On Friday, July 8th, PBN News Network’s own Kenya Coviak put out a call to southeast Michigan Pagan clergy to attend the protest/demonstration in Detroit as Pagan clergy specifically – both to protest, and to offer magical means to help keep the attendees safe.

When asked why she called on Pagan clergy to participate, Coviak explained that there was a word-of-mouth call for clergy throughout the community, and she was shocked that there wasn’t any other Pagan clergy planning to represent our community. Given the amount of online activism in the Pagan blogosphere, she expected a large contingent of organized Pagan groups, but that was not to be.

 

Coviak noted, “many moments were turned into Abrahamic focused prayer moments which at times plead for deliverance from the forces against Jesus and nonbelievers. The turn to deity reflected the overall spiritual current.”

Detroit has a long history of racial tensions – between the deep segregation of 8 Mile, and the waves of immigrants that have taken over various suburbs over the years, distrust runs deep. Detroit also has a history of distrust of the police. And yet, it would seem that a wide range of people turned out for this protest.
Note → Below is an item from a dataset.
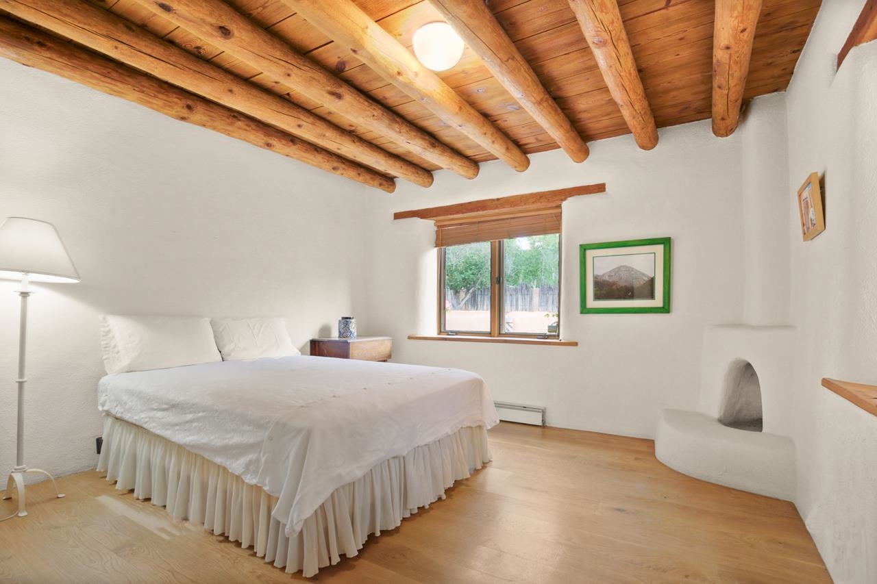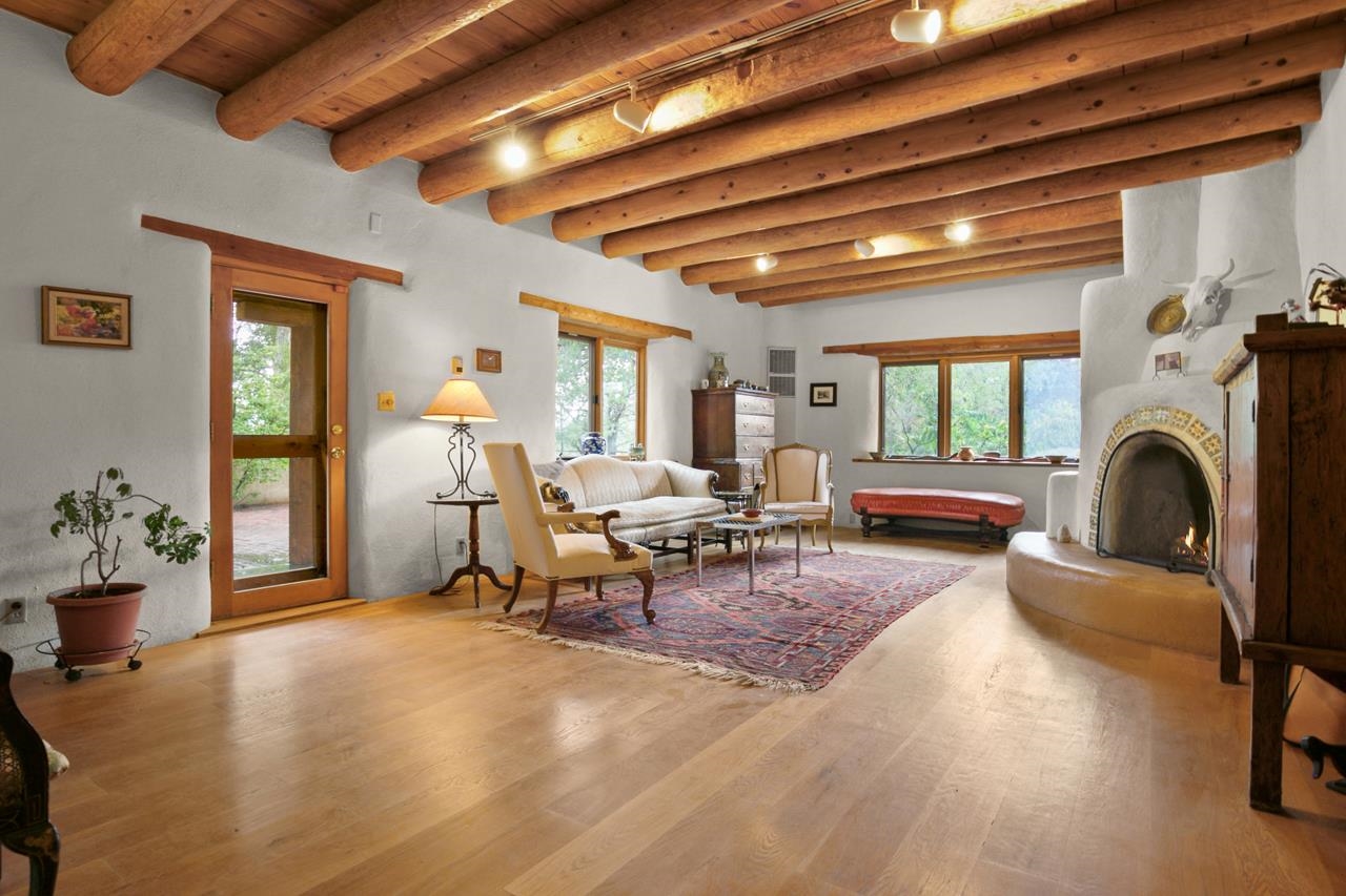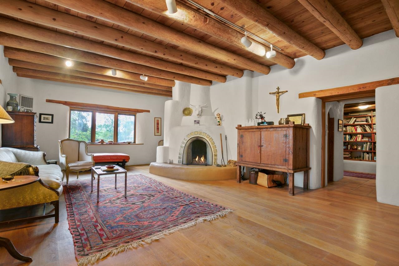 Privately set on 5.33 irrigated acres at the south end of Taos, this rare over-100-year-old, double-thick adobe estate offers enduring craftsmanship, warmth, and authenticity that cannot be replicated. Originally built in 1928, the substantial adobe walls provide exceptional insulation, quiet, and structural presence—hallmarks of true historic Taos construction. The home features seven traditional kiva fireplaces, creating warmth, character, and ambiance throughout multiple living spaces. A gracious central hallway serves as a gallery-style entrance, ideal for art display, and connects spacious rooms that flow naturally for both everyday living and entertaining. The kitchen, breakfast nook, formal dining room, library, and office provide a flexible and functional layout with room to gather or retreat. With four bedrooms, three with ensuite baths, the home offers comfort and privacy for residents and guests. An attached art studio with a two-car carport adds versatility and presents an excellent opportunity for conversion into a guest casita, creative studio, or private retreat. The expansive acreage and irrigated land create a true compound setting, offering ample room for future improvements such as additional guest structures, gardens, or recreational spaces (subject to approvals). Rich in history, substance, and potential, this distinctive adobe property represents a rare opportunity to own an authentic Taos estate with room to grow.

Unexpectedly, Coviak did meet a surprising number of Pagans in the crowd.  “I had the honor to speak to many who were Pagan and felt they were the only ones in Detroit to be there who were not Christian or Jewish. Actually, there were Pagan Queer Jews in attendance as well. Along with almost every nationality you can name. It was a true rainbow tribe.”

 

Photo taken by Kenya Coviak showing some of the attendees at the protest at Campus Martius Park in Detroit – white, black, and others, including a woman in a hijab.

 

The protest in Detroit was peaceful, and Coviak said when she returned home that she had used sage to cleanse numerous people, including  Detroit police officers, and although her fingers were burnt, her heart was at peace.

Ms. Coviak will be publishing more on her experiences in the near future.